12 may 2006

Responsabilidades (Un cuento de mal rollo)

Qué palo. El mismo día en que llegó al piso con todas sus cosas recibió la noticia de que en la última reunión de vecinos, a la que no había podido asistir porque aún no estaba instalado, le habían nombrado encargado de los calabozos de la comunidad. Jaime acababa de independizarse de sus padres y no tenía experiencia en responsabilidades de este tipo. Si se hubiera tratado de del mantenimiento de las luces o, incluso, de la tesorería, se habría sentido capaz de asumirlo, pero los calabozos...

- “No es tanto trabajo”, le aseguró el Presidente de la Comunidad mientras le tendía las llaves. “Que tengan comida y que más o menos todo esté en orden.

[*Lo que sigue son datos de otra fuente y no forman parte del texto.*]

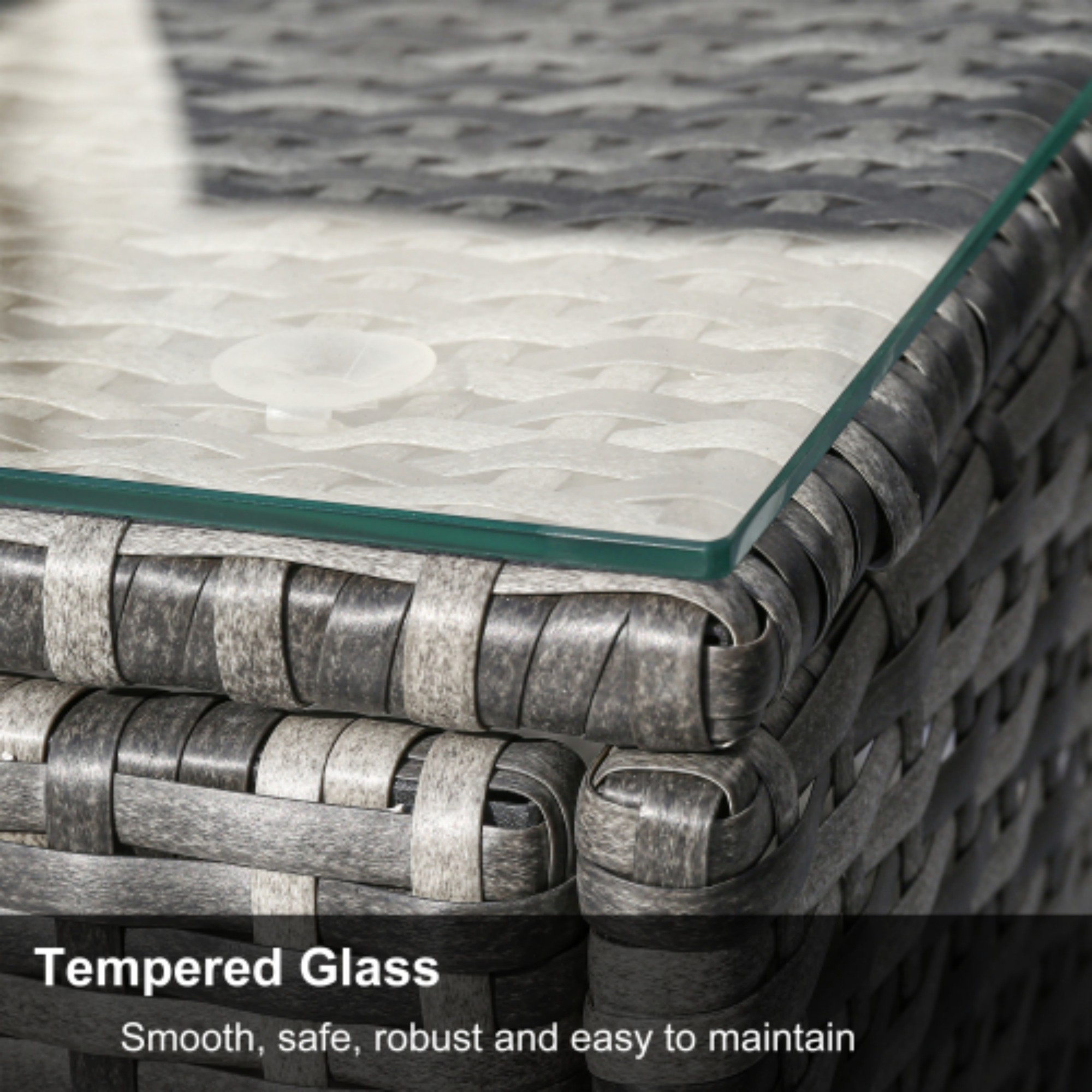• Construction de Qualité : Construit pour la qualité, l'Ensemble de Patio Victoria dispose d'un matériau de tissage en rattan anti-UV renforcé par un cadre en acier revêtu de poudre. Les coussins de base doux sont recouverts de housses lavables en tissu résistant au feu, tandis que la table présente un épais panneau de verre facile à nettoyer.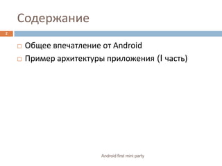 Так за чтоже тогда его любить?За его молодостьЗа работу над ошибками (3.0 мммм:)За открытые исходные кодыЗа его ориентированность на разработчиковЗа бесконечные возможности9Android first mini party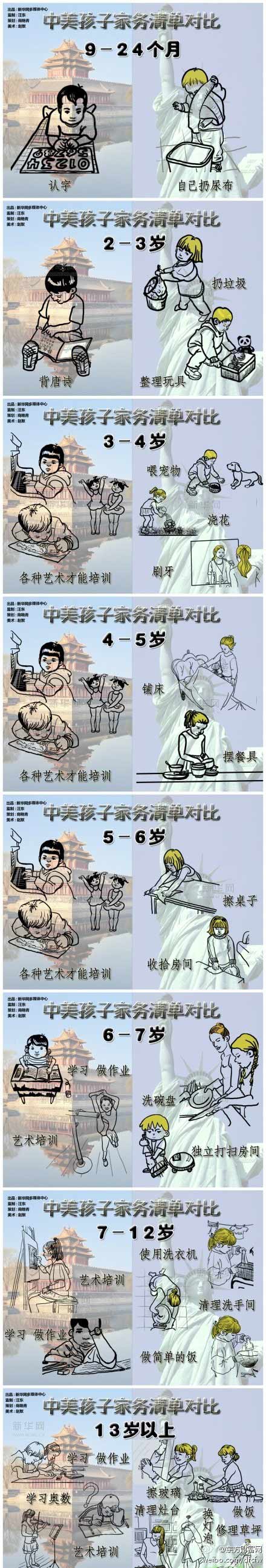 2岁前,中国孩子在干啥?认字。美国孩子呢?学会扔尿布。3岁呢?中国孩子已能琅琅背诵“床前明月光”等好多首唐诗,美国孩子学着扔垃圾、整理玩具。不能不感叹中国孩子多才多艺,因为人家从四五岁开始就一边学习,一边忙着弹钢琴、学跳舞,一直到上中学。“学习就是孩子的家务”在漫画中展现得淋漓尽致。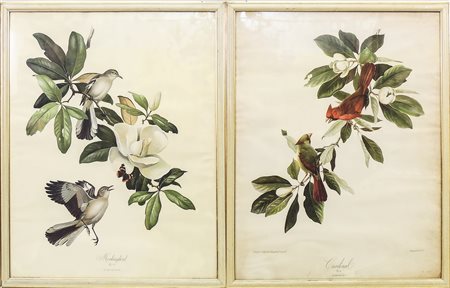 VOLATILI E FIORI - BIRDS AND FLOWERS coppia di litografie - a pair of...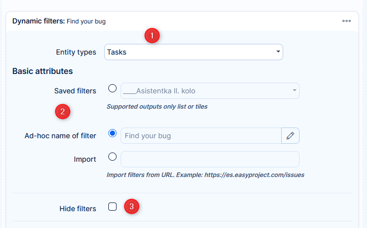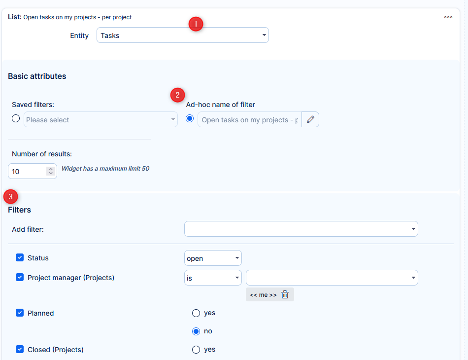 - Set filters for the entity
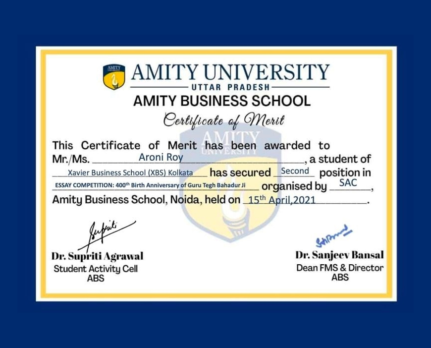 Aroni Roy of MBA 1st Year (2020-22 Batch) has secured 2nd position in the Essay Writing Competition on the 400th Birth Anniversary of Guru Tegh Bahadur Ji organized by Amity Business School, Noida on 15th April 2021.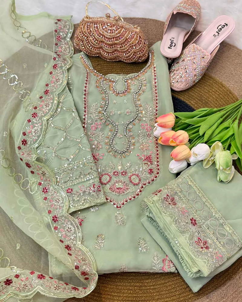 The matching organza dupatta is also fully embroidered and decorated with sequins, completing the graceful design. The pants are made from santoon cotton, which is soft and breathable, making it easy to wear all day.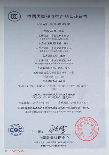grad山东格瑞德集团低环境温度空气源热泵(冷水)机组荣获CCC认证证书
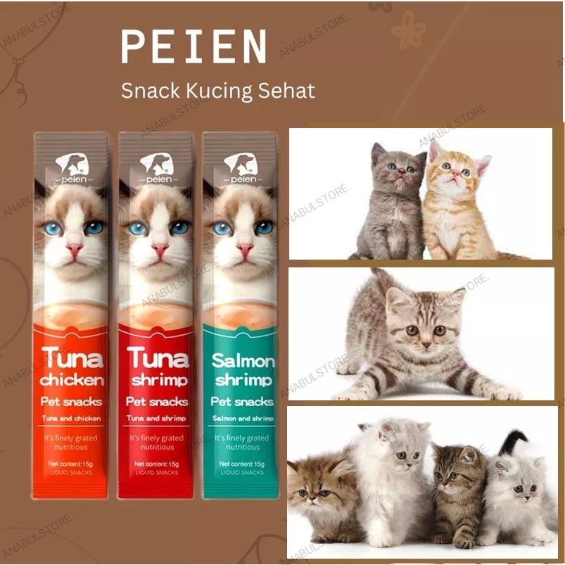 Peien cat snack adalah makanan ringan kucing premium yang dapat menambah nafsu makan kucing dan dapat menyehatkan bulu Varian Rasa SixFigure: - Salmon Shrimp (Blue) - Tuna Chicken (Orange) - Tuna Shrimp (Red)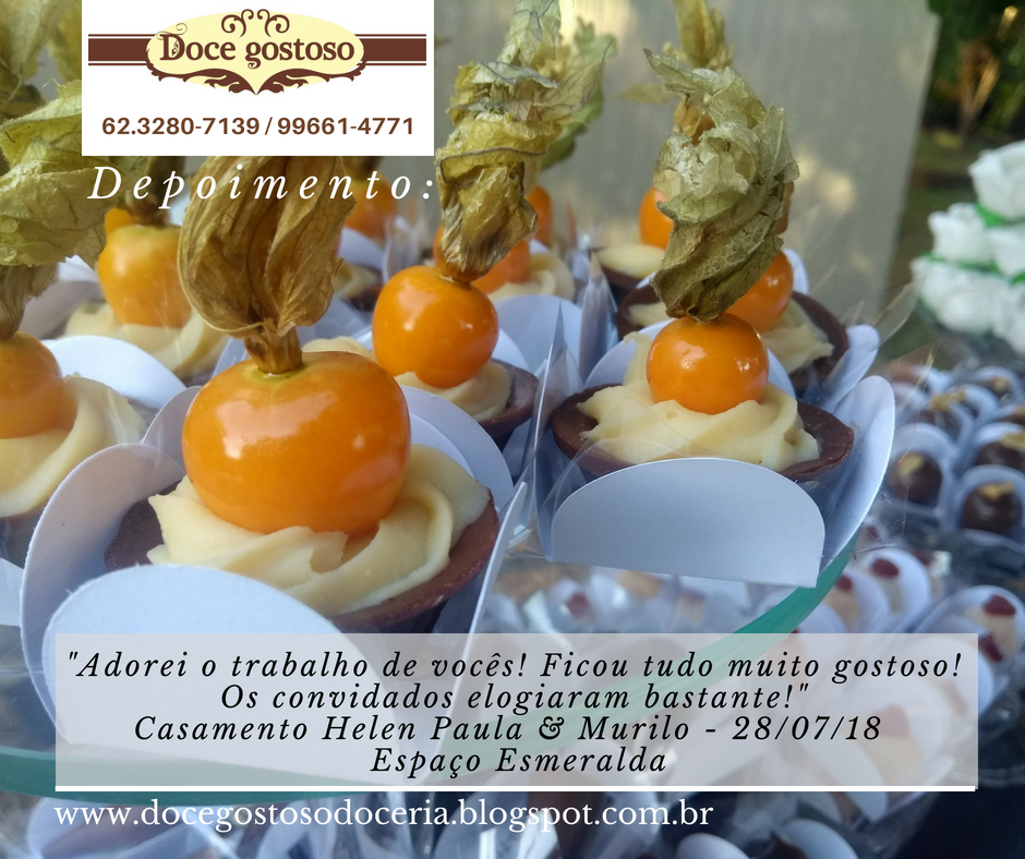 ResponderExcluirA Doce Gostoso já iniciou o diferencial na organização do blog e facebook, morando em outra cidade e o casamento realizado em Goiânia, as fotos e descrições dos doces nos ajudou muito. Quando cheguei na minha festa e olhei minha mesa de bolo e doces fiquei muito feliz e satisfeita, todos os meus convidados elogiaram a beleza e o sabor, só tenho a agradecer a dedicação, pode ter certeza que eu e meu esposo indicamos a Doce Gostoso, obrigada por tudo.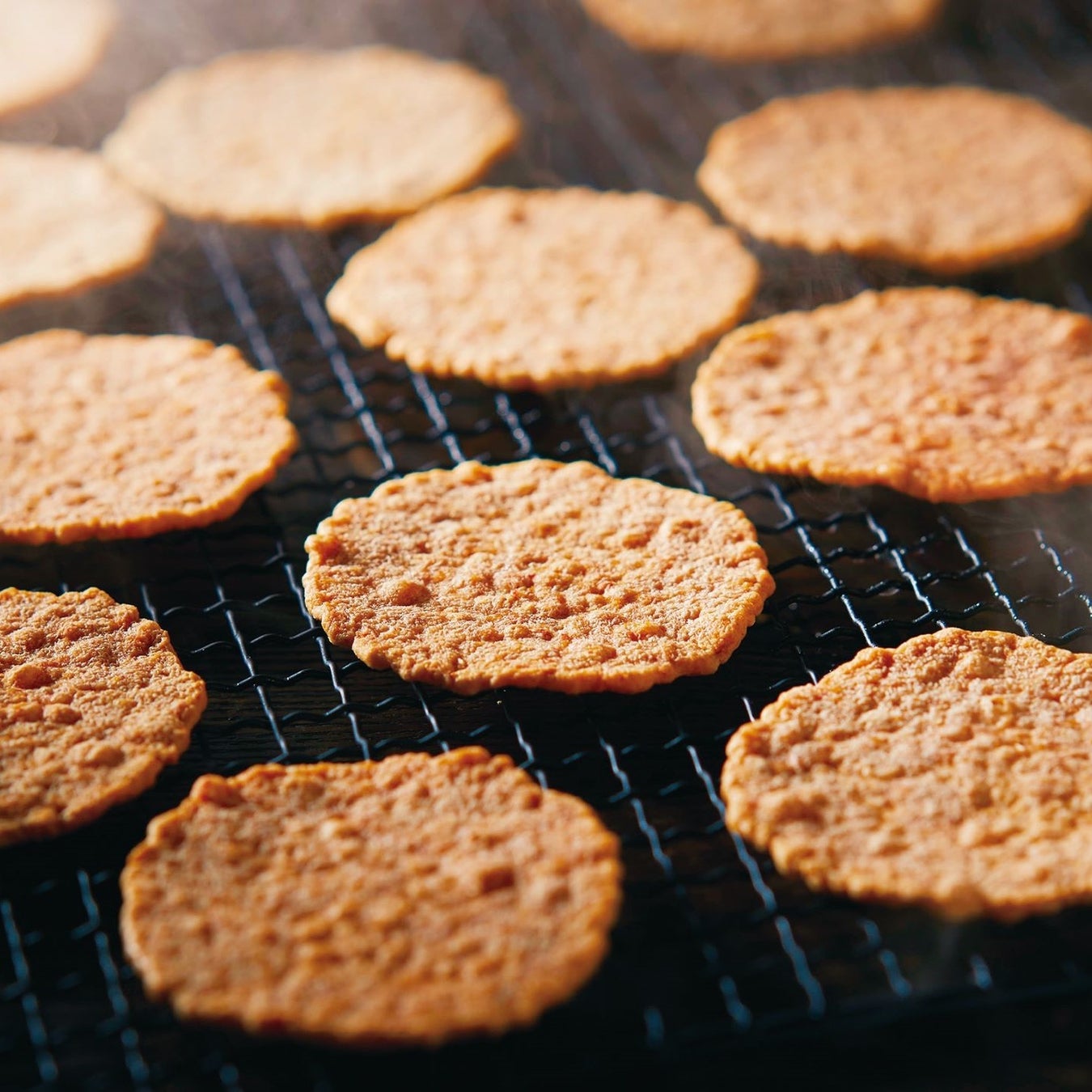 この店舗では、併設の工房で焼き上げた、焼きたての海老せんべい〈ゆかり〉を毎日販売。焼きたてならではの格別の香ばしさを味わっていただけます。

Sólo eso. Del agujero ya me encargo yo.”

El Presidente era un tipo grande, voluminoso, como si con su sola presencia pretendiera que los demás tuvieran que abandonar la sala. Era de esos tíos que se valen de su tamaño para intimidar, no directamente, sino poniéndote sus manazas sobre el hombro, como queriéndote mostrar en un falso remedo de afabilidad que si quisieran podrían estrujarte la cabeza como si fuera un melón podrido, o acercándose mucho a ti cuando te hablan para cubrir tu horizonte y que tengas que mirarlos desde abajo, y así poderte escupir en la cara con facilidad. Llevaba tres años de presidente pero, por la manera como todos lo trataban, podía haber llevado toda la vida. Andaba por la escalera como el elefante del Libro de la Selva revisando su ejército, con una rotundidad imponente, sin dejar que nadie pudiera entrar o salir sin ver que él estaba allí, cumpliendo con su deber. Este magno ejemplar de humanidad estaba jubilado, y parece ser que en tiempos había sido vendedor de seguros. Jaime podía imaginarlo intimidando a sus clientes, o me contratas un seguro o te mato a hostias, y la pobre mujer o el pobre tipo que se topaba con él firmaría convencido de que no había alternativa. Luego daría unas risotadas, les golpearía la espalda con sus manazas y les reafirmaría en lo bien que habían hecho contratando con él, ya verían, si un día les caía una viga encima yendo por la calle sus hijos darían palmas de alegría.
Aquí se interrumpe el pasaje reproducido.